Obviously, a balance must be struck between the value of public information and privacy concerns. And public disclosure must not be so extensive that it greatly reduces the number of scientists willing to serve on committees. Federal agencies should monitor whether new requirements are making it harder to attract committee members. But disclosure is becoming more routine – in scientific journals and at universities, for example – and the government should not be a last bastion of secrecy.

One possibility would be for federal agencies to make publicly available all the information on a panelist’s disclosure form except the precise dollar amounts of their stock holdings or compensation and any information on the finances of their spouse or dependent children. At the same time, the agency would disclose the member’s educational background and scientific credentials.

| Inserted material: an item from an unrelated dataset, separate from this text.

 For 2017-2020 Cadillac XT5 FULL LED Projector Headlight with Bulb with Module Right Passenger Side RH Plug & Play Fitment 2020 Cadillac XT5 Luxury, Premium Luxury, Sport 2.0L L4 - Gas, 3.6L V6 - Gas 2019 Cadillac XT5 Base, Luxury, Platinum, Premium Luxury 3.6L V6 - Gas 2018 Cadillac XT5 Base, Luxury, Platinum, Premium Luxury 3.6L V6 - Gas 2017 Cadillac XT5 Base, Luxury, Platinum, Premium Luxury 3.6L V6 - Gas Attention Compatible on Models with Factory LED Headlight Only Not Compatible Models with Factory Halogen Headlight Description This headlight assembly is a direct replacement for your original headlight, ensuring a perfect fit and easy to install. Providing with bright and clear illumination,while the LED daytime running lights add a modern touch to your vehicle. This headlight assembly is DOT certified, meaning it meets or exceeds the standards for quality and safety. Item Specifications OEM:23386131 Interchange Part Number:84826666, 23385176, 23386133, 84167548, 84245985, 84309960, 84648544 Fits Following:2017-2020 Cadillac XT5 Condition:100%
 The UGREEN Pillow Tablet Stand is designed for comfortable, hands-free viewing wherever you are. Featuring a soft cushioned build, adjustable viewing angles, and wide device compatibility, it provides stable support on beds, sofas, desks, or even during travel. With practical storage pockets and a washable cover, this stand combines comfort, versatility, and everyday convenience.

Ideally, all of this information would be released when committee members’ names were put up on the Web for public comment.
A second weak spot  in the proposal is that it relies entirely on self-disclosure.  The policies have no contingency for false, incomplete or misleading reporting.  This creates risks for both the organization and its participants.  Because the disclosures are not released in any manner to the public, there is every incentive for participants to under-report potential conflicts.

The IPCC can deal with this in part by publishing a public version of the the disclosure forms (e.g., without specific financial information but with institutional relationships intact).  At a minimum, participants should be required to attest that their self-disclosure is accurate and if it is determined to be inaccurate, this would disqualify the individual from participating in the IPCC.  Absent some sanction for filing a misleading or incorrect disclosure form, the procedure risks becoming a formality with little meaning.  Having served on NRC committees in the past I have seen unsanctioned self-disclosure in action.

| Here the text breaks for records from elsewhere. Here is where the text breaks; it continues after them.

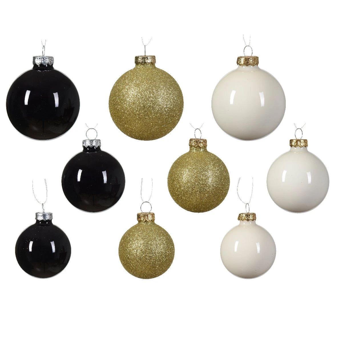 Lot de 21 boules brillantes et pailletées. 5 boules de 70 mm, 10 boules de 60 mm et 6 boules de 50 mm.
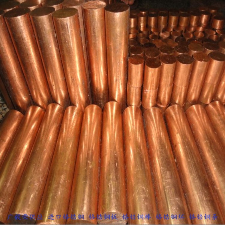 鉻鋯銅特點:具有較高的強度和硬度,導電性和導熱性,耐磨性和減磨性好,經時效處理后有良好的導電性,導熱性,硬度高,耐磨抗爆,抗裂性以及軟化溫度高,焊接時電極損耗少, 焊接速度快,焊接總成本低,適合作為熔接焊機的電極有關管件,但對電鍍工件表現一般。用制作電火花電極能電蝕出比較理想的鏡面,同時直立性能好,能完成打薄片等純紅銅難以達到的效果對鎢鋼等難加工材質表現良好。
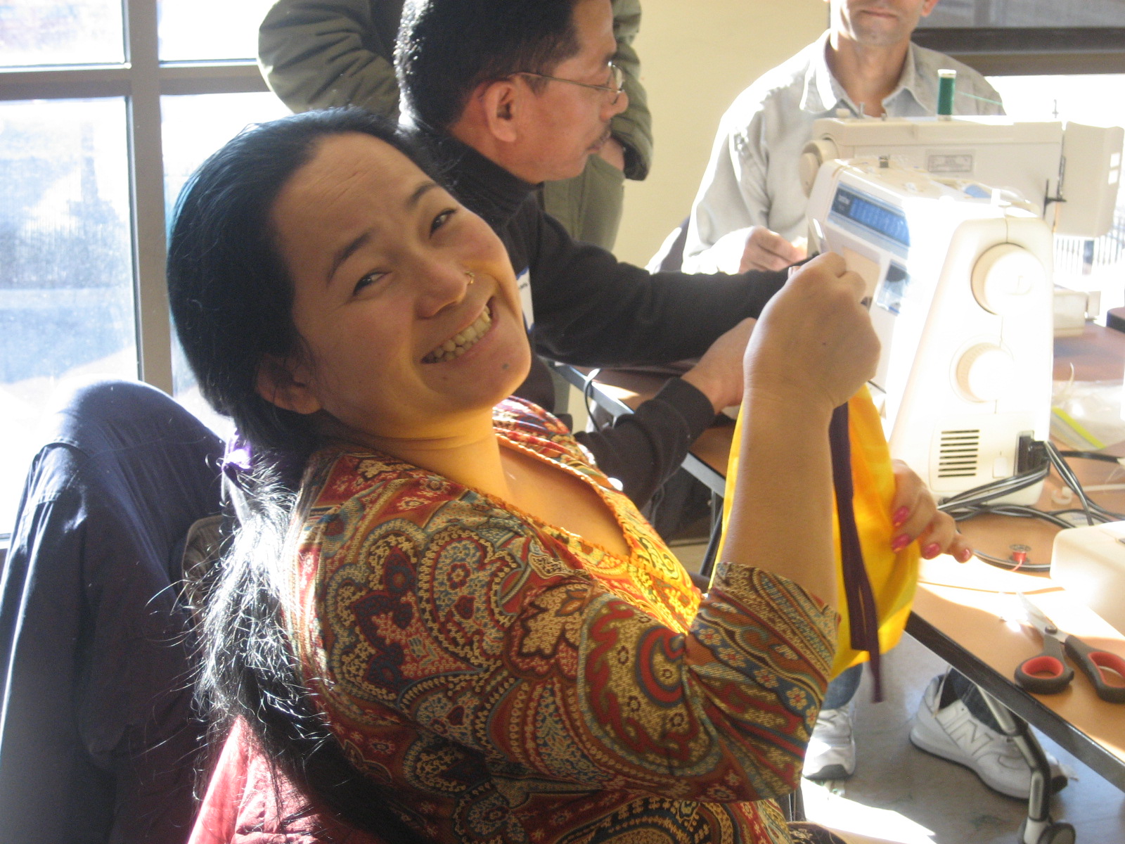 I asked Steffani Lincecum, a board member, to head up this initiative and she grabbed the opportunity. Steff’s combination of sensitivity, creativity, organization and gentleness was perfect for the task. On Wednesday Steff and I, along with Lois, Trish, and Bird (also on the board) met with our first group. We weren’t sure if anyone had used a machine or if we’d be able to communicate, given the language barrier (people from this area of Bhutan speak Nepali). Chaotic? yes! Busy? yes! Beautiful? most definitely! Everyone’s off to a good start, all at different level. Communication is tricky but the language of friendship and kindness is present and we’re all doing our best.

Finally, the IPCC is silent on what to do with current participants who are in violation of the guidelines for conflicts of interest in this proposal.  As might be expected of an organization that has operated for several decades with no COI policies, such conflicts are rife in the organization, including its leader Rajendra Pachauri who has a wheelbarrow full of actual and potential conflicts.  How will the proposal be phased in?

The IPCC should be commended for taking the recommendation of the InterAcademy Council seriously.  We should be encouraged by the IPCC's initial steps forward on this issue, and the organization should be encouraged to keeping moving in the right direction.  At the same time, its work on this topic is not done yet, it has only just begun.